Posted on 2012-08-10
Last Modified: 2012-08-15
I have a confusion about the (CPU WAIT)

1-Is CPU wait always a wait on I/O?

2-will Memory and Virtual memory have anything to do with CPU wait?

3-if a system has lots of CPU wait will adding more CPU or cores fix this problem?

4-what is the best OS tool to report CPU wait other than VMSTAT?
Question by:it-rex
    LVL 68

    Accepted Solution

    1 - CPU WAIT is basically the time a CPU has to wait for an outstanding I/O operation to complete. %WAIT is the time (expressed as a percentage) a CPU has been found waiting for I/O during a given interval.
    The system will schedule other processes to run during the time a process is blocked waiting for I/O, so a high overall WAIT means that there are either no more processes to schedule or that the whole I/O system is overloaded (or both).

    2 - Low real memory can lead to high paging I/O, which will adversely influence the response time of process I/O (I/O contention).
    Further, there might be too few memory available for caching disk data which in turn leads to more frequent, maybe expensive read operations.

    Virtual memory (sum of real memory and paging space) can come into play when the paging space gets full, but that's another story.

    3 - More CPU will not help.
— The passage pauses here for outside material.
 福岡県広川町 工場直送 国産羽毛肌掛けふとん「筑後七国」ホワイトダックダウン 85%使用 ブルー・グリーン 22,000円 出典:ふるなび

Depending on the root cause of the high WAIT provide for faster disks (shorter I/O operation time) or more memory to avoid paging and to supply cache space.

    4 - If we're talking AIX here:

    topas, nmon, lparstat, iostat (disk troughput) , mpstat (wait per cpu), sar (disk service time)
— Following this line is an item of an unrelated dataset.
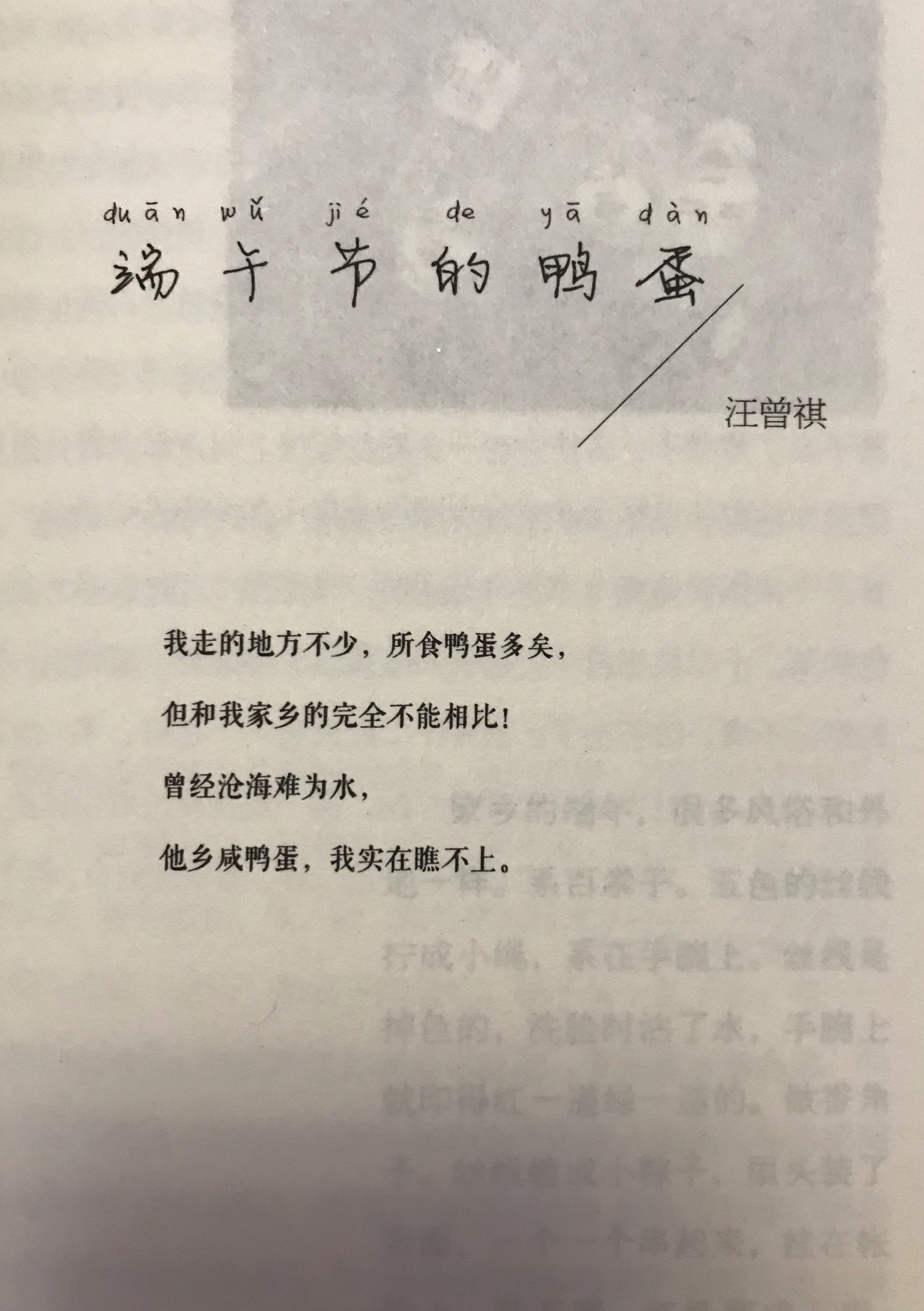 读到汪曾祺写的《端午节的鸭蛋》,让我想起我姥姥,她也特别爱吃咸鸭蛋,尤其是那流油的蛋黄。我偶然在网上看到有卖那种罐装的咸蛋黄酱,说是特别香,我就赶紧买了一罐,第一罐送过去后,姥姥尝了觉得特别好吃,直夸这酱“沙沙的,香香的,跟现磕的鸭蛋黄一个味儿”。看到她这么喜欢,我心里特别高兴,后来又陆续给她买了很多罐。每次见面,她都会念叨这酱,说抹在馒头上,或者拌在粥里,吃得特别开心。 现在每次看到咸鸭蛋,或者闻到那种特有的咸香味,我都会想起姥姥吃到蛋黄酱时满足的样子。汪曾祺怀念的是家乡的鸭蛋,而我,是借着这小小的咸蛋黄,一遍遍地想念着已经离开的姥姥。那份亲情,就像这咸蛋黄的油一样醇厚,永远在心里流淌。

    Please note that in a virtual shared processor environment (LPAR) the WAIT % does not express the wait percentage of a real CPU but the wait percentage of the CPU share made available to the LPAR by the hypervisor.

    nmon provides the option to query the PURR (Processor Utilized Resource Register) to show the values pertaining to real CPU.
    Start nmon, hit "c", then "#" untill you see "PURR Stats" in the 3rd line. The lines below show real processor values, one line per real SMT thread useable by the LPAR.

    So nmon might indeed be the best tool in an LPAR environment.
    LVL 11

    Author Comment

    When using Ganglia ,
    how can I find the root cause of CPU wait?
    Is it a graphical representation of wa in vmstat?
    LVL 68

    Expert Comment

    Ganglia's gmond uses lots of OS calls/tools to gather its stats.

    As far as I know, CPU WAIT is determined by standard perflib calls which are also used by vmstat, mpstat or topas. I'm not aware of a gmond extension or feature using the PURR.